Wednesday 15 August 2012

Life insurance is assurance ...

Life insurance is usually purchased for a number of reasons. The main one of these reasons being the death of the person who is earning the main wage for a household. In these times of hardship and financial distress, these policies provide comfort and relief.

Such life insurance policies are offered by some employers as perks to employees and government employers offer group insurance at no cost to employees. If employees wish to gain further features from their employer's insurance company, they can avail these at reduced costs.
A well established life insurance plan will cover more than just the costs that occur after the issuer's death that is more than just the loss of his /her income. These can include funeral costs – especially if the death was unexpected, child care costs and so on.
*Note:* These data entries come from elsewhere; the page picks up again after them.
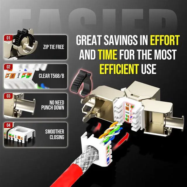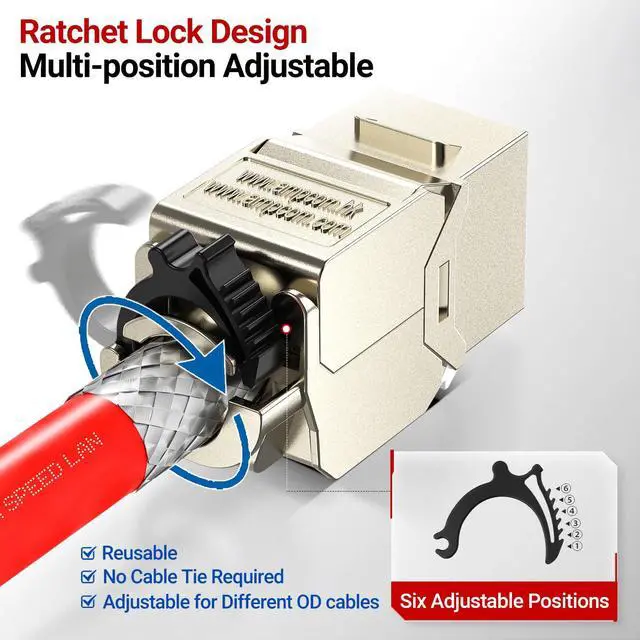This CAT 8 keystone jacket, fully shielded and self-locking, is designed for effortless snap-in assembly in keystone patch panels, surface mount boxes, or wall plates (face plates). Ratchet Zip-Tie End for adjustable tightening strength, time and labor Saving and minimal waste production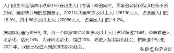 根据国家统计局的数据显示,2021年中国已经进入深度老龄化社会,出生率连续两年负增长,出生人口不到印度一半。
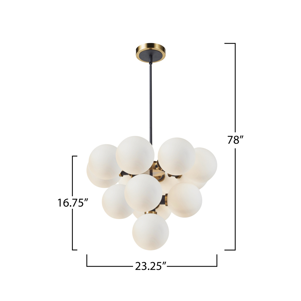 The Gem collection with acid white glass, also known as etched glass, is a type of glass that has undergone a process to give it a rich cloudy white appearance. When illuminated this glassware has a warm hue, which compliments its two-tone black and brushed brass framing. The model shown is a height adjustable 13 lite, 3 tier chandelier.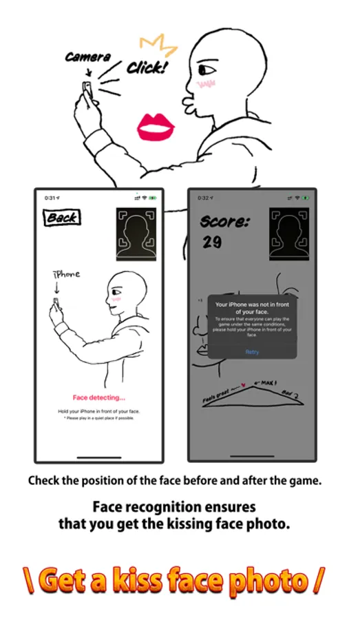 If you don't get a photo of player's kissing face, the app will naturally ask the player to try again.

Besides these immediate costs – the plan should also cover anticipated, future costs like college education for your children and/or part or all of your spouse's retirement needs.  Usually, in almost all cases, the beneficiary or the families of those issuing the policy, can use these cash payments however they see fit without any restrictions or problems from the insurance company.
If there is someone who will have to suffer any financial hardship after your death, then you need life insurance.  Families with younger children have a clear need for life insurance. If one happens to be the sole earner for one's family, one's death could cause a lot of financial distress to the family. Even households with two earners require insurance - for the loss of one income would create an economic setback and make it harder to realize future goals.